When a gold standard isn’t the gold standard?
Public health policy decisions regarding intestinal schistosomiasis are based on prevalence calculated by Kato-Katz, however CCA is increasingly being used in mapping the disease and could be used in forming policy if the relationship between Kato-Katz and CCA across pre- and post-treatment settings is better understood. Prada and colleagues therefore modelled the relationship of prevalence and intensity judged from Kato-Katz and CCA results from children in the Mayuge District (Uganda) at three time points: before, one month post- and six months post-treatment.
Although Kato-Katz is regarded as the ‘gold standard’ for S. mansoni diagnosis, it was in fact CCA that was modelled as the best predictor of schistosomiasis prevalence, and in particular after treatment had occurred, likely due to higher CCA sensitivity at lower post treatment infection intensities. Model outputs also dispelled the previous uncertainty on interpretation of “trace” readings (i.e. test providing a weak positive), as these researchers concluded that these were most likely associated with truly infected individuals. In these high endemnicity settings, truly uninfected individuals with trace results make up only a small minority (15%), giving a brilliant guideline for control programme managers having to deal with these “trace” results.

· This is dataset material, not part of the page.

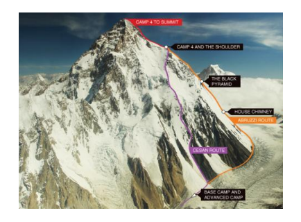
Base Camp at K2

When, where and which test?
These workers provide evidence that future surveys should follow a multiple diagnostic approach depending on the epidemiological setting of the targeted area. As highly endemic S. mansoni regions are often associated with high transmission areas and therefore individuals with high infection intensities, Kato-Katz is capable of identifying these heavy infections. However when implementing MDA, as in the Mayuge District studied here, the huge drops in infection intensities of treated individuals necessitate the use of more sensitive diagnostics such as CCA to assess true prevalence.
It is research such as this that should directly feed into future policies, as picking the correct diagnostic tool at the right time will save resources and most importantly accurately assess the burden of schistosomiasis and the impact of disease control interventions as moving towards elimination.